The find function iterates over an array, collection, map, or object in the same way that foreach does. The callback function though is a predicate that should evaluate to true or false. Iteration will stop when the first match is found, that is when the predicate returns true, and that value will be returned. Here are a couple examples to illustrate its usage.

// Find first number less than 3
var array = [1, 2, 3]
// prints "1"
println("found: " + find(array, function(number) { number < 3; }));

// Find map entry with a value of 'TWO'
var map = new java.util.HashMap();
map.put(1, "ONE");
map.put(2, "TWO");
map.put(3, "THREE");
var match = find(map, function(key, value) { return value == 'TWO'; });
// prints "found: 2.0 --> TWO"
println("found: " + match.key + " --> " + match.value);  

When find is iterating over a generic object or map, the first match will be returned as an object with two properties - key and value. Lastly, there is a findAll function that is similar to find except that it returns all matches in a java.util.List.

These functions can be found in the RHQ git repo at rhq/etc/cli-scripts/util.js.
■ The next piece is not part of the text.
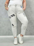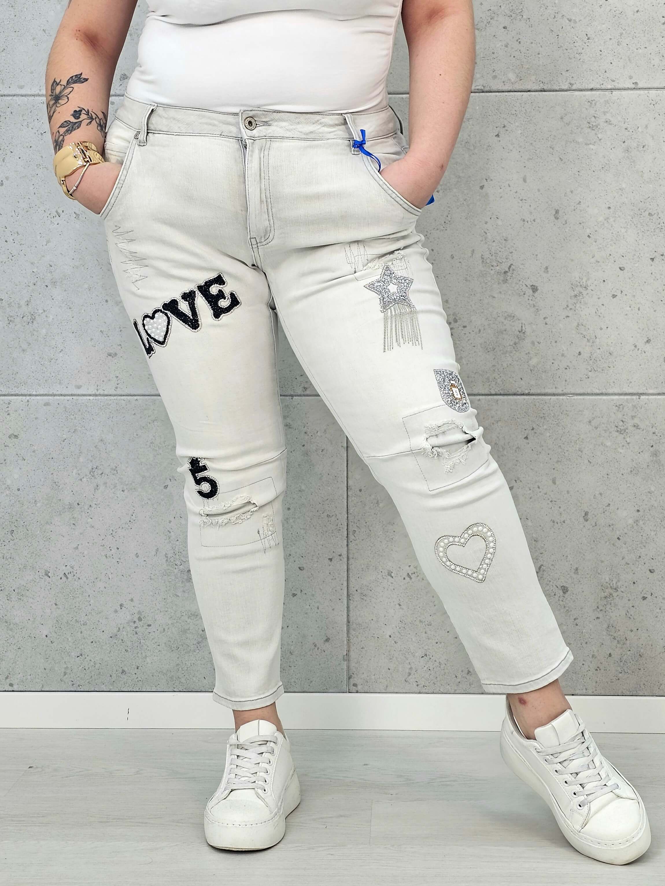 Wyrazisty napis LOVE umieszczony na nogawce nadaje spodniom odważnego, streetwearowego charakteru. Szary denim jest ponadczasowy i łatwy do łączenia, dzięki czemu spodnie doskonale komponują się zarówno z t-shirtami, jak i elegantszymi koszulami.
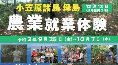 手付かずの自然が残る東京都最南端の島小笠原母島にて、農業就業体験を開催します。ぜひこの機会に小笠原母島の農家の仕事...

These functions are neither part of nor distributed with the CLI; however, they may be included in a future release so that the functions would be available to any CLI script.

Auto Import Resources into Inventory

There is no way currently in RHQ through the UI to auto-import resources. You have to go to the discovery queue to explicitly select resources to import. Here is a short CLI script for auto-importing resources.

// auto_import.js
rhq.login('rhqadmin', 'rhqadmin');

var resources = findUncommittedResources();
var resourceIds = getIds(resources);
DiscoveryBoss.importResources(resourceIds);

rhq.logout();

// returns a java.util.List of Resource objects
// that have not yet been committed into inventory
function findUncommittedResources() {
    var criteria = ResourceCriteria();
    criteria.addFilterInventoryStatus(InventoryStatus.NEW);
    
    return ResourceManager.findResourcesByCriteria(criteria);
}

// returns an array of ids for a given list
// of Resource objects. Note the resources argument
// can actually be any Collection that contains
// elements having an id property.
function getIds(resources) {
    var ids = [];
    for (i = 0; i < resources.size(); i++) { 
        ids[i] = resources.get(i).id;
    }
    return ids;
}

In the function findUncommittedResources() we query for Resources objects having an inventory status of NEW. This results in a query that retrieves discovered resources that have been "registered" with the RHQ server (i.e., stored in the database) but not yet committed into inventory.

DiscoveryBoss is one of the remote EJBs exposed by the RHQ server to the CLI. It provides a handful of inventory-related operations. On line six we call DiscoveryBoss.importResources() which takes an array of resource ids.

 In a follow-up post we will use some additional CLI features to parametrize this script so that we have more control of what gets auto-imported.